◆ Problem ◆
Only the lines from the one with "В комплект входят" through the last line of the material below belong in the answer, copied exactly and without pictures.

◆ Data ◆
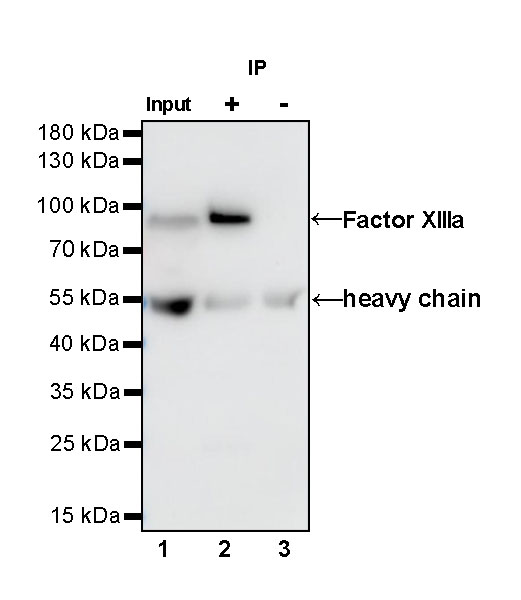 Western blot was performed on the immunoprecipitate using Factor XIIIa Rabbit mAb at 1/1000 dilution.
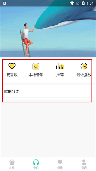 4、登录成功后切换到底部导航栏的音乐选项,进入音乐页面查看相关功能分类内容。
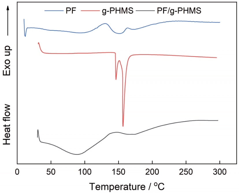 图4 PF、g-PHMS以及PF/g-PHMS的DSC谱 |
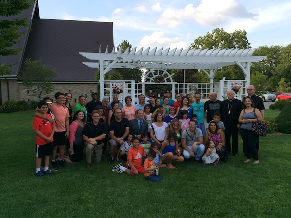 A church barbecue held at St Patrick's Parish in Niagara Falls, Canada, brought together the Syrian refugees who had arrived in the diocese. Kneeling in the front are Ananias Mission co-founders, front left, Jennifer Allison and Ed Wethli.Katheryn Wethli
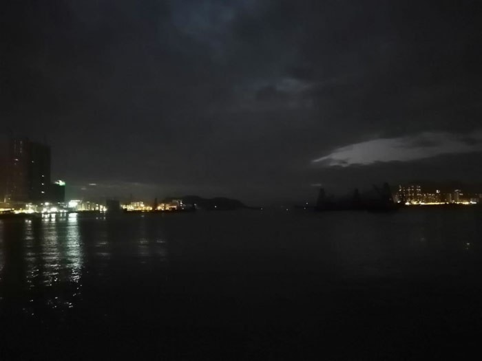 | 黑夜將盡,四周仍然在睡夢中,天與海同色,幸得遠方燈光投射,微滲出深秋寒意,看海洋泛影,「夜涼如水」氣象,活脫從容冒出! |
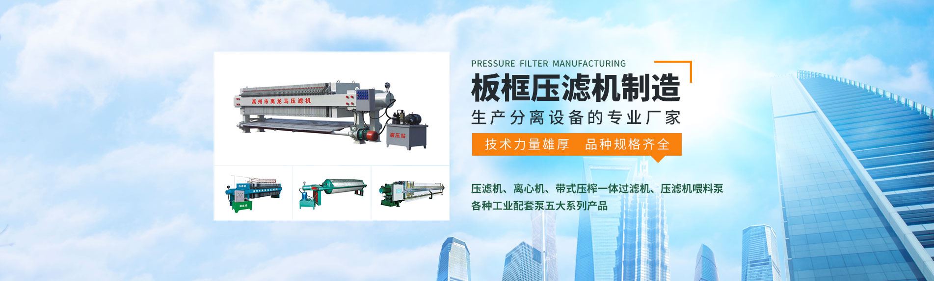 禹州市龍馬壓濾機制造有限公司是生產分離設備的廠家,技術力量雄厚,加工設備精湛,經驗豐富,品種規格齊全,質量可靠,性能穩定,結構合理,供貨及時,產品暢銷各地,深受用戶好評。 我廠生產壓濾機已有多年歷史,總人員38人,廠區總面積8600平方米。主要生產壓濾機、離心機、帶式壓榨一體過濾機、壓濾機喂料泵及各種工業配套泵五大系列產品。 壓濾機型號有:200、320、450、630、800、1000、1250、1500、2000、Φ800、ΦIOOO型板框式及廂式,過濾機面積0.5㎡—2000㎡。板框材質有鑄鐵、增強聚丙烯、玻璃纖維聚丙烯(耐高溫120℃)及不銹鋼板框等。壓緊形式有手動壓緊、機械壓緊、千斤頂壓緊、液壓壓緊、自動保壓壓緊及微機控制、全自動壓緊等。過濾形式有明流、暗流、明流可洗、暗流可洗和雙向交叉洗滌等。產品廣泛用于石油、化工、制藥、制糖、冶金、食品、陶瓷、淀粉、造紙、洗煤、污水處理等作液
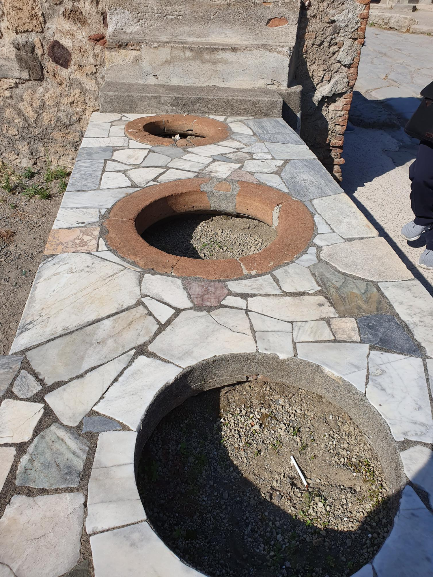 오른쪽 사진에 튀어나온 돌은 횡단보도+과속방지턱의 기능을 수행했다고 합니다. 과거의 로마인들의 수준을 다시금 느낄 수 있는 부분이라고 생각합니다.
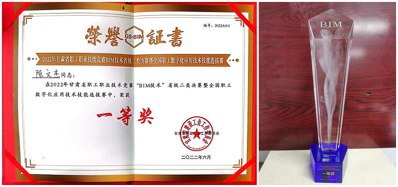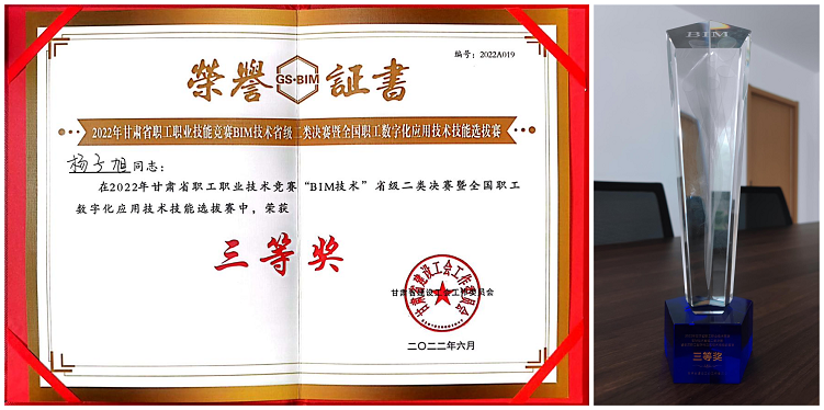 近日,在甘肅省職工職業技能競賽“BIM 技術”省級二類決賽暨全國職工數字化應用技術技能選拔賽中,甘肅省建筑設計研究院有限公司榮獲優秀組織獎,選送的參賽選手陳文杰和楊子旭分別榮獲一、三等獎。
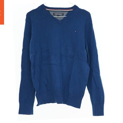 En grå sweatshirt fra Tommy Hilfiger. Trøjen har lange ærmer og en rund halsudskæring. Der er et lille Tommy Hilfiger logo på brystet. Størrelsen er angivet som L.
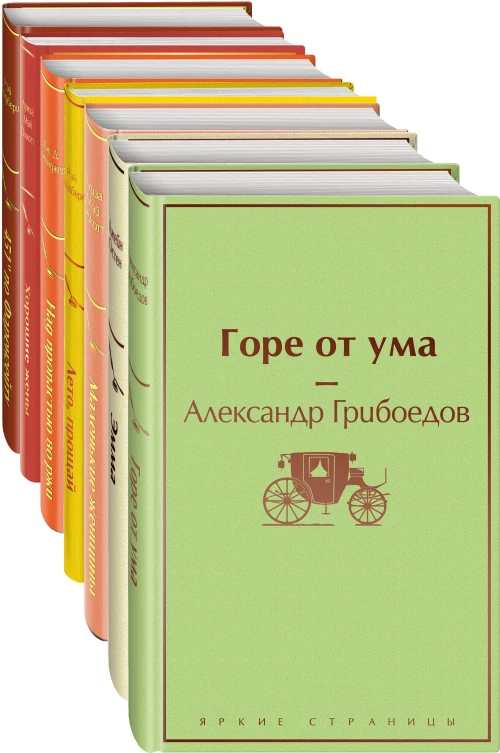 В комплект входят следующие книги серии: «Горе от ума» (с иллюстрациями), «Эмма», «Маленькие женщины», «Лето, прощай», «Над пропастью во ржи», «451° по Фаренгейту» и «Хорошие жены».
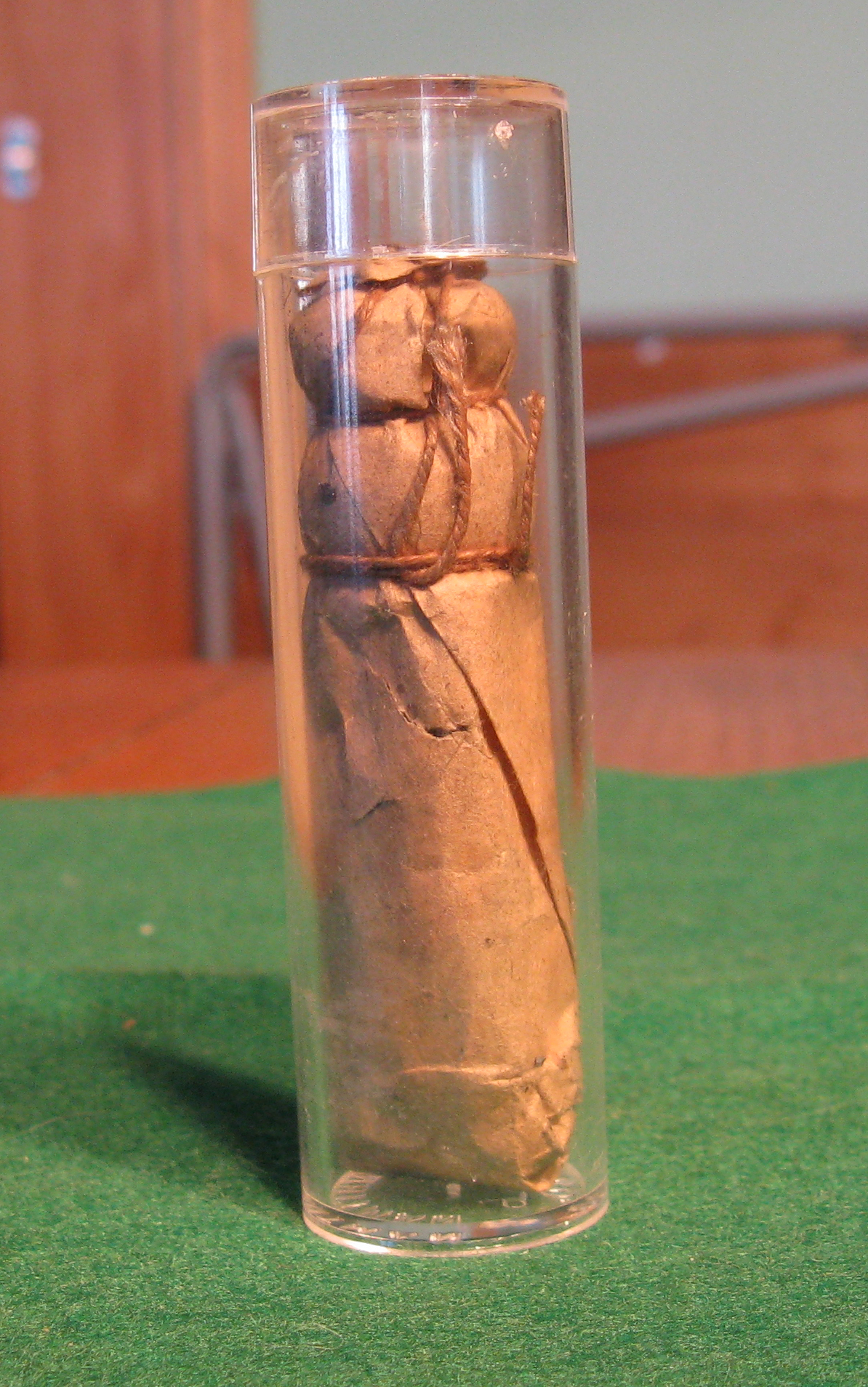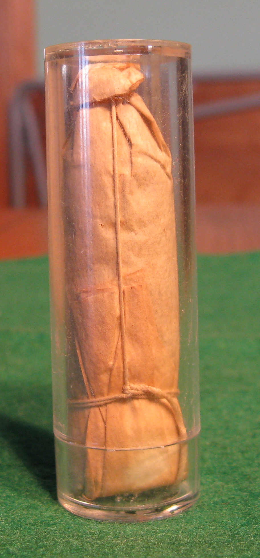 The buck and ball cartridge contained a .69 caliber ball with three .31 caliber shot loaded on top. A string formed half hitches between the projectiles and below the large ball. The buck and ball load was always loaded with the paper covering since the string ties were intended to keep the shot and ball together until out of the muzzle. The photo on the right shows a .58 caliber minie bullet seated on top of the powder charge.
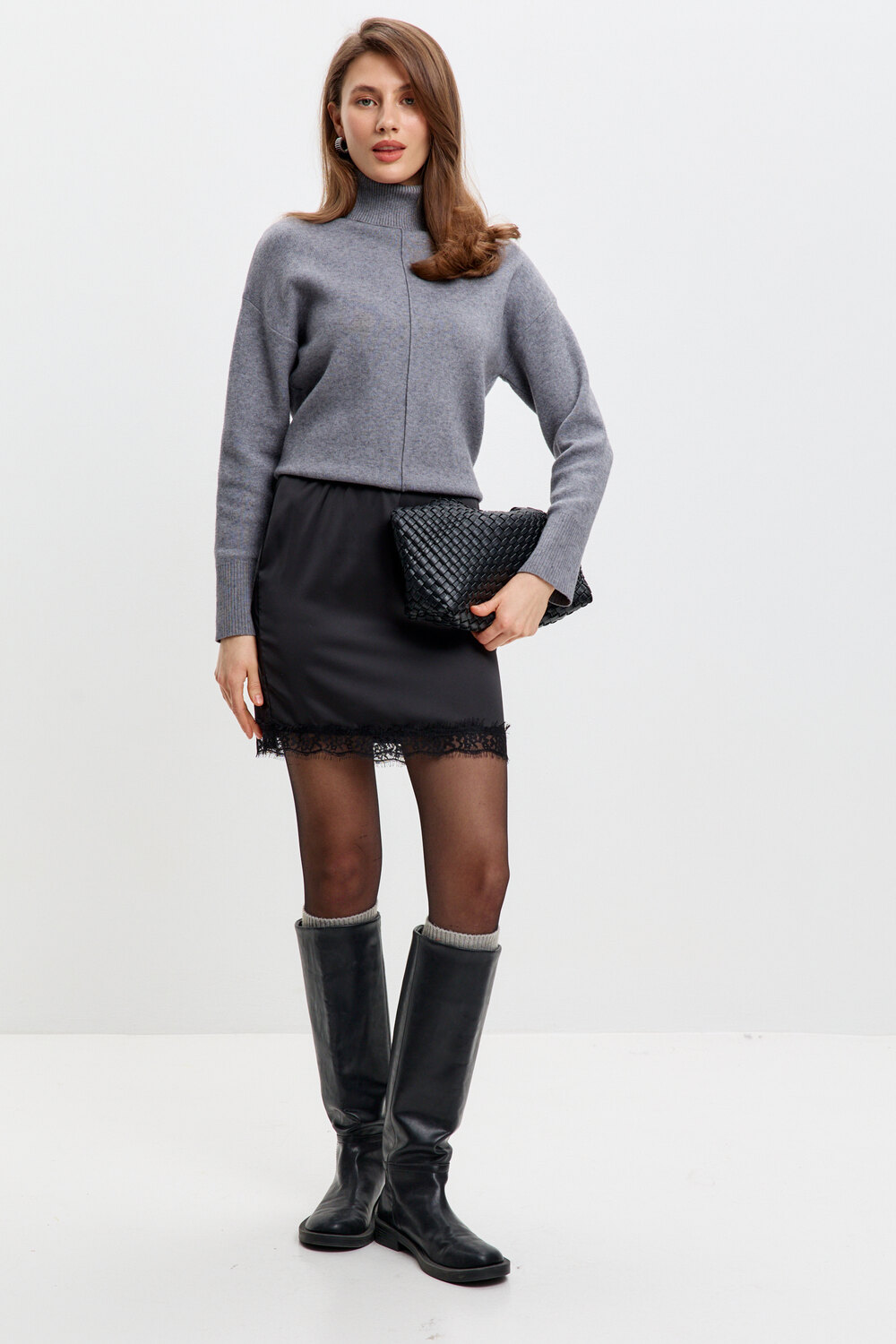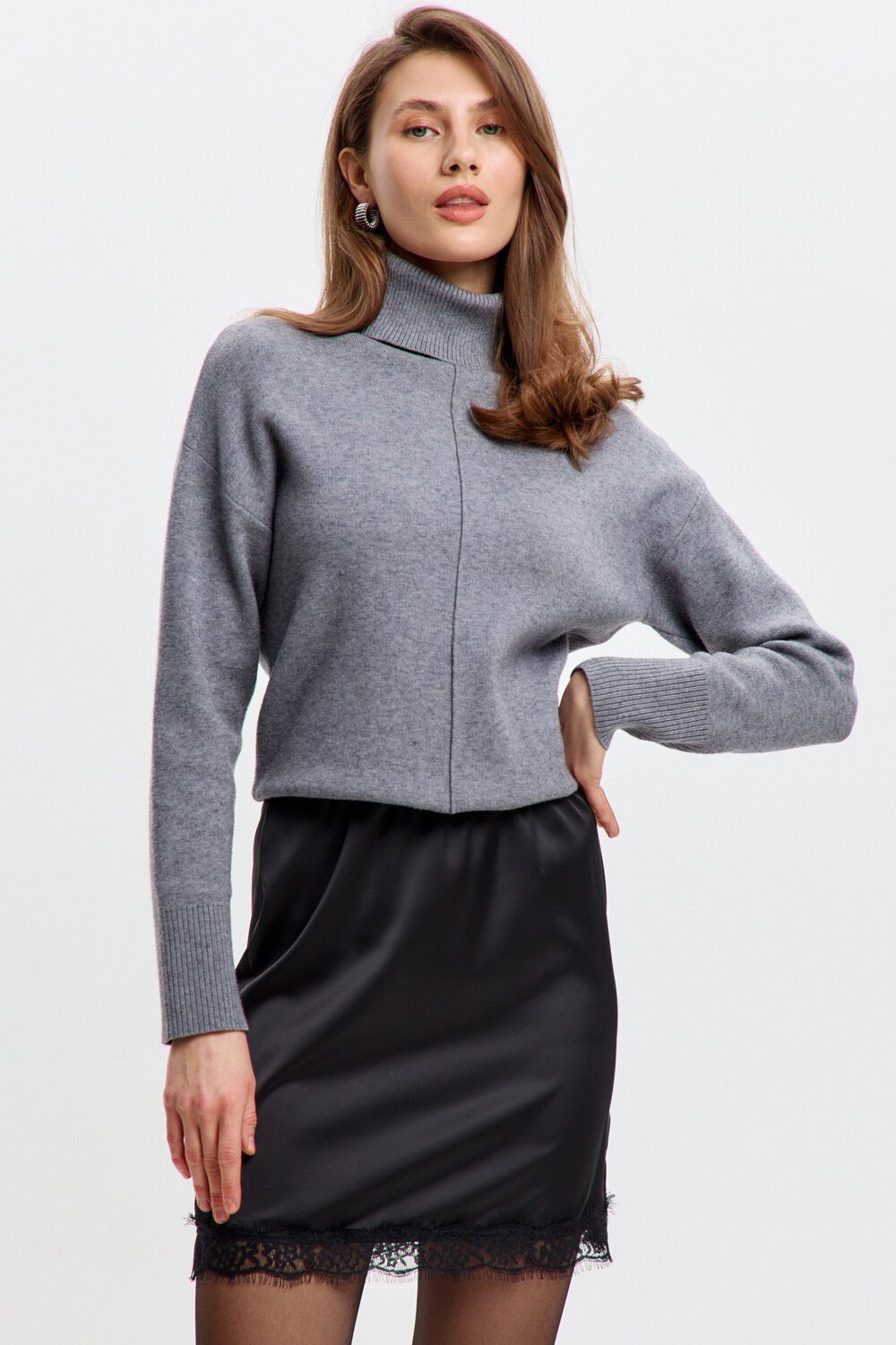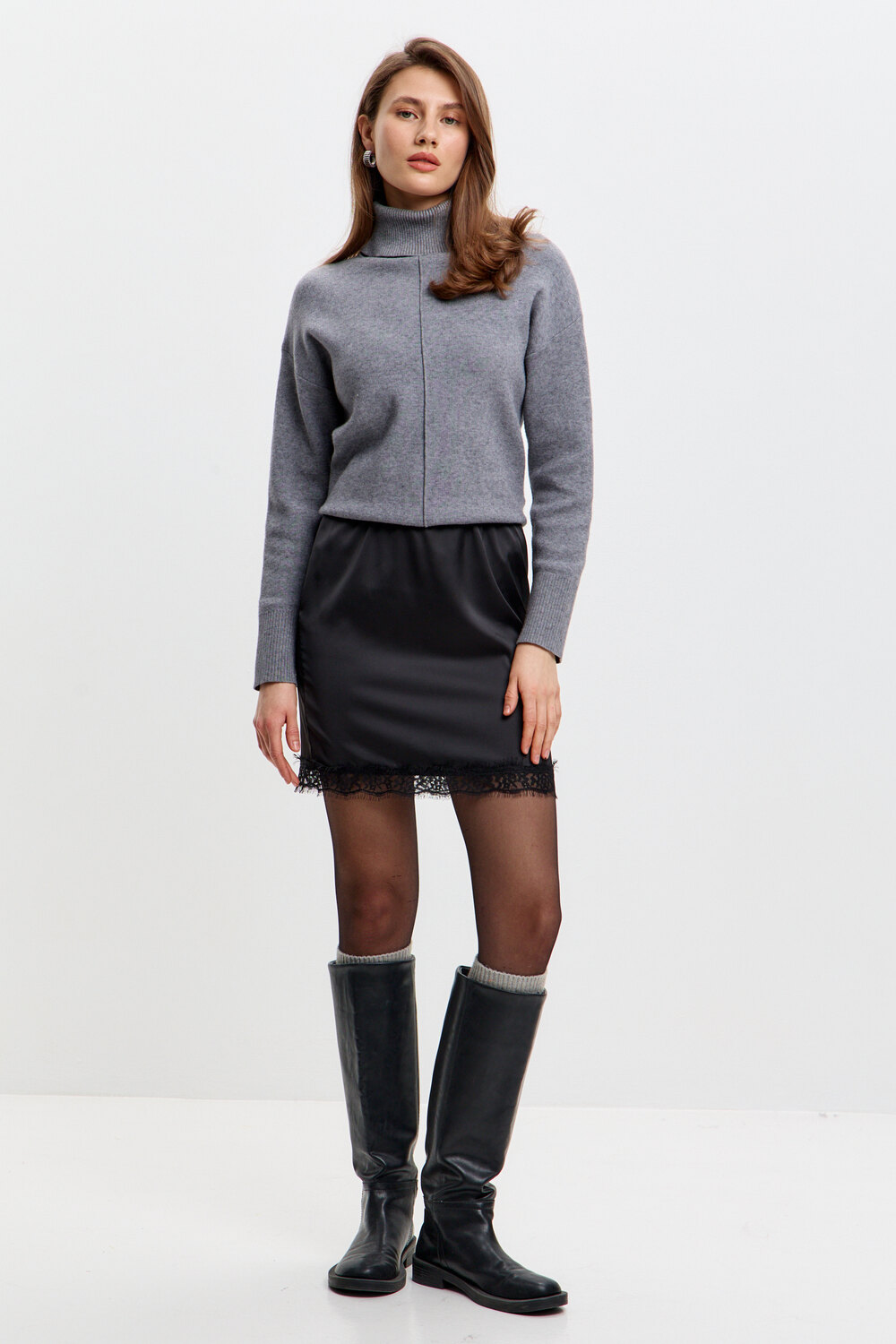 Стильная, атласная юбка с кружевом – идеальный выбор для создания элегантного и соблазнительного образа. Мягкий блеск ткани подчёркивает женственность, а отделка в виде кружева, делает модель особенно утончённой. Эта атласная мини – юбка дополнит любой образ и подчеркнёт природную женственность!
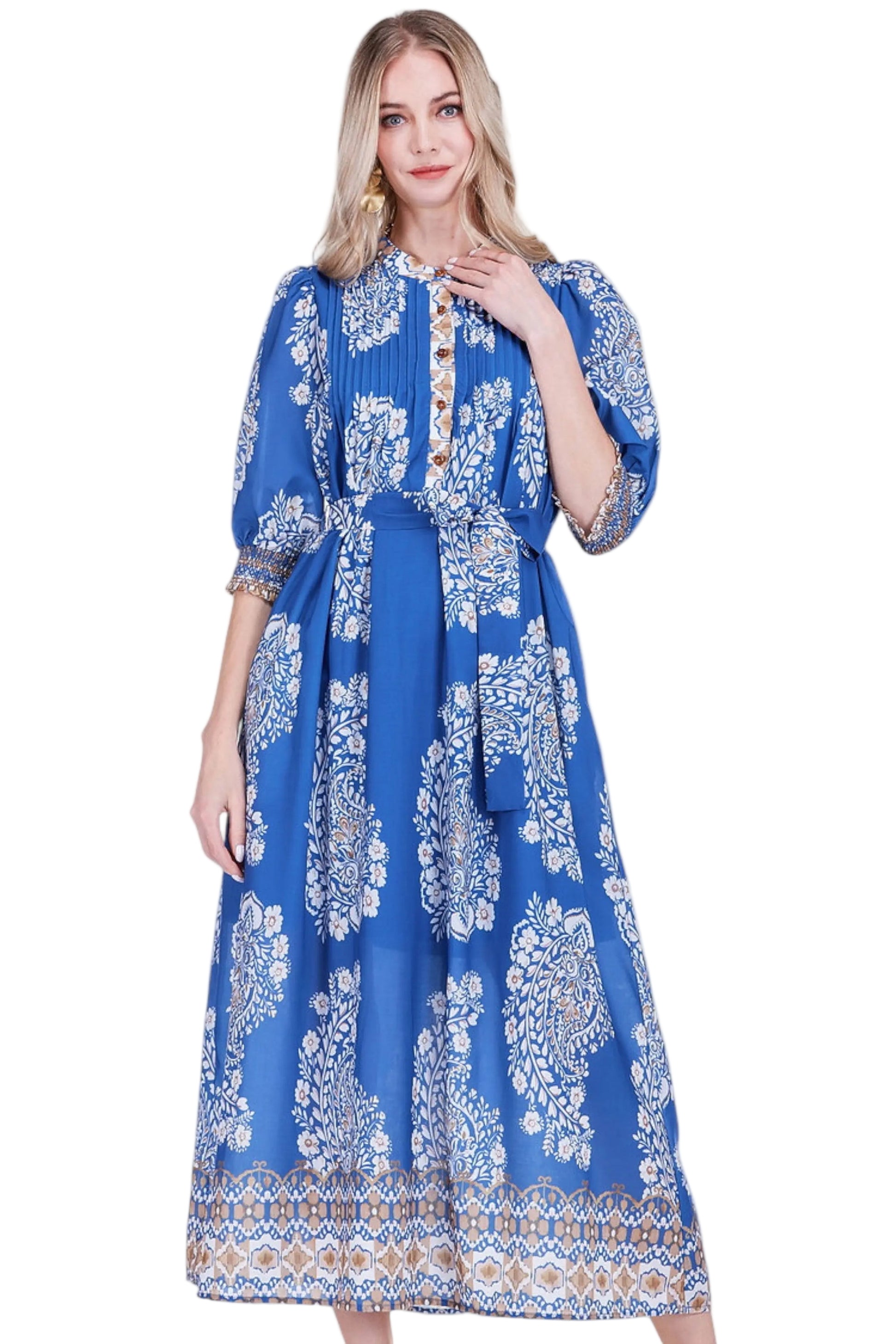 Express your playful side with our stunning Blue Pintuck Maxi Dress. The unique pintuck design adds texture and interest to this classic dress, while the vibrant blue color is sure to turn heads. Perfect for any occasion, this dress will make you stand out in style.

◆ Solved problem ◆
 В комплект входят следующие книги серии: «Горе от ума» (с иллюстрациями), «Эмма», «Маленькие женщины», «Лето, прощай», «Над пропастью во ржи», «451° по Фаренгейту» и «Хорошие жены».
 The buck and ball cartridge contained a .69 caliber ball with three .31 caliber shot loaded on top. A string formed half hitches between the projectiles and below the large ball. The buck and ball load was always loaded with the paper covering since the string ties were intended to keep the shot and ball together until out of the muzzle. The photo on the right shows a .58 caliber minie bullet seated on top of the powder charge.
 Стильная, атласная юбка с кружевом – идеальный выбор для создания элегантного и соблазнительного образа. Мягкий блеск ткани подчёркивает женственность, а отделка в виде кружева, делает модель особенно утончённой. Эта атласная мини – юбка дополнит любой образ и подчеркнёт природную женственность!
 Express your playful side with our stunning Blue Pintuck Maxi Dress. The unique pintuck design adds texture and interest to this classic dress, while the vibrant blue color is sure to turn heads. Perfect for any occasion, this dress will make you stand out in style.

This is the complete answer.